Certainly, if the first bolt holes on the top of the single pile are symmetrically arranged, that is, at least one pair of first bolt holes are located at diagonal positions, and two second bolt hole clusters 31 corresponding to the two first bolt holes are overlapped, the above method is very suitable for environments with high offshore wind and severe corrosion, firstly, in the installation process, the secondary flange 1 is easy to rock under the action of wind power, when the secondary bolt hole clusters 31 arranged in a radian are provided, the alignment of the second bolt holes 2 and the first bolt holes is better realized, and no matter which second bolt hole 2 in the secondary bolt hole clusters 31 is aligned to one of the first bolt holes, the remaining three first bolt holes are naturally aligned, and only the secondary flange 1 needs to be put down and connected with the bolts one by one; additionally, because the bolt hole under the connection state and the corresponding second bolt hole 2 are easy to corrode and lose efficacy, when the replacement flange 1 is disassembled and installed again, the original second bolt hole 2 can not be used any more, and at the moment, only the second bolt hole 2 needs to be replaced, and as long as one second bolt hole 2 is replaced in a translation mode, other second bolt holes 2 can also be replaced, so that the use requirement can be met.

Additionally, after the first bolt hole and the second bolt hole 2 are connected, the protective rubber sleeve can be screwed or the second bolt hole 2 which is not screwed can be glued, so that the second bolt hole is prevented from directly contacting with the outside air, corrosion and rusting are avoided, and the protective rubber sleeve can be removed by gluing when the bolt is used again.

As an embodiment, when the hoisting platform 4 is hoisted to the upper side of the substitute flange 1 and falls to the center of the substitute flange 1, the method includes:

because the second bolt hole cluster 31 and the lifting screw hole 3 are sequentially arranged on the flange interface of the substitute flange 1, the lifting screw holes 3 are respectively arranged on two sides of the second bolt hole cluster 31, and a certain distance exists between the two lifting screw holes, the first stress part 5 extending outwards of the lifting platform 4 is distributed between the second bolt hole cluster 31 and the lifting screw hole 3, so that the second bolt hole cluster 31 and the lifting screw hole 3 are not shielded by the vertical projection of the first stress part 5, and subsequent bolt installation and wire rope fixing are facilitated.

Preferably, the first stress part 5 is a horizontal cantilever structure, the horizontal cantilever structure is erected on the substitute flange 1, and a lifting lug 6 is arranged at the first stress part 5, and the lifting lug 6 is used for fixing the steel wire rope.

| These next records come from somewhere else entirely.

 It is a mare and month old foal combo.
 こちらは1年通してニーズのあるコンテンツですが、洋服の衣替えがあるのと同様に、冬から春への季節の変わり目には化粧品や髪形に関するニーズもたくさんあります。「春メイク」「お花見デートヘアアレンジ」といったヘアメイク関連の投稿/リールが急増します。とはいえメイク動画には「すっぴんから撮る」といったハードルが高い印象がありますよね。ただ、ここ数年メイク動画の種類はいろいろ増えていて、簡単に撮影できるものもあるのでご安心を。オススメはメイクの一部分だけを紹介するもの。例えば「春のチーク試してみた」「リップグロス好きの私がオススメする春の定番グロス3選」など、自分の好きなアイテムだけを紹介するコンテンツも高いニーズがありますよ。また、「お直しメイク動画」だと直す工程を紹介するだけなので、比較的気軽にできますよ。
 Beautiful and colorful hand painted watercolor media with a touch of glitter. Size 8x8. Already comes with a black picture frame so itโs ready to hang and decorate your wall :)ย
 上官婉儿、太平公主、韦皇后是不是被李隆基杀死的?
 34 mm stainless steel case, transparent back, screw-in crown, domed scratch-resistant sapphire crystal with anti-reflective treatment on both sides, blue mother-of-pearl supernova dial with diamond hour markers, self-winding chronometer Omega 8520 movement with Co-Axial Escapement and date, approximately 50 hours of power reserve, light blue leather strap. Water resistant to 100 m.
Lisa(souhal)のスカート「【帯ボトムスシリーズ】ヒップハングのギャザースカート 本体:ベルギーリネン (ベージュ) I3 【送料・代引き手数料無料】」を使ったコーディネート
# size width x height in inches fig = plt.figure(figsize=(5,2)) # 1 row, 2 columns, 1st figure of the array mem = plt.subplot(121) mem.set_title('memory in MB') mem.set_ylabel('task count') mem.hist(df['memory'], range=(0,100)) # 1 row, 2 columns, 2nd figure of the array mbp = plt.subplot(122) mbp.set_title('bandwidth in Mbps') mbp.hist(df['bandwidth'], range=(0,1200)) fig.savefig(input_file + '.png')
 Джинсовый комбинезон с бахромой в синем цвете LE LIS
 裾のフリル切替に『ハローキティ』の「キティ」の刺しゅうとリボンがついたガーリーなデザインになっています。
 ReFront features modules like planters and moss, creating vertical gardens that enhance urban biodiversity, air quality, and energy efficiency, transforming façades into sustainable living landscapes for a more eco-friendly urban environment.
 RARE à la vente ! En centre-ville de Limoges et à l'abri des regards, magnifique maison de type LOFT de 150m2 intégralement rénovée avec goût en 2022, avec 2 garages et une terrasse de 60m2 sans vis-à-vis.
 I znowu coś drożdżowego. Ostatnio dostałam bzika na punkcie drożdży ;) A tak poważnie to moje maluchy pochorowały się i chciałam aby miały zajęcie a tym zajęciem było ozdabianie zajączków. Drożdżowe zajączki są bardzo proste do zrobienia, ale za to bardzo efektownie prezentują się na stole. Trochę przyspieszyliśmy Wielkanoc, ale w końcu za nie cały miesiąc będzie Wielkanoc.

As an embodiment, when the crane is used to hoist the tie flange 1 through the hoisting point bolt and drive the hoisting platform 4 to move together with the constructor, the method includes:

lifting by crane and replacing and beating flange 1 to contact hoisting platform 4 before, open the locking structure of first atress portion 5, the angle of beating flange 1 is replaced in the rotatory adjustment, make the locking structure of a plurality of first atress portions 5 all correspond and replace the flange interface of beating flange 1, after replacing and beating flange 1 and rising and contact first atress portion 5, utilize locking structure to fix and replace and beat flange 1, make hoisting platform 4 can not replace relative and beat flange 1 and produce the rotation, it removes hoisting platform 4 and constructor together to drive after the fixing, guarantee hoist and mount safety.

In the embodiment, four second bolt hole clusters 31 are arranged on a substitute flange 1, a lifting screw hole 3 is arranged at each second bolt hole cluster 31 at intervals in the counterclockwise direction, the connection point of a first stress part 5 on the substitute flange 1 is located in the clockwise direction of the second bolt hole cluster 31, the connection points of the lifting screw holes 3, the second bolt hole clusters 31 and the first stress part 5 on the substitute flange 1, which are sequentially arranged in the clockwise direction, are selected as an explanation object, the central point of the substitute flange 1 is taken as an origin, the connection point and the origin where a locking structure is fixed with the substitute flange 1 are connected, the connection line of the connection point and the origin is a first structural line, the second bolt hole 2 at the center of the second bolt hole cluster 31 is selected, the connection line of the second bolt hole 2 and the origin is a second structural line, the lifting screw hole 3 is connected with the origin, the connection line of the screw holes 3 and the lifting flange is a third structural line, the second structural line and the first structural line are sequentially arranged in the clockwise direction, and the second structural line bisects the included angle formed by the first structural line and the third structural line. In the above arrangement, there are four positions on the dummy flange 1.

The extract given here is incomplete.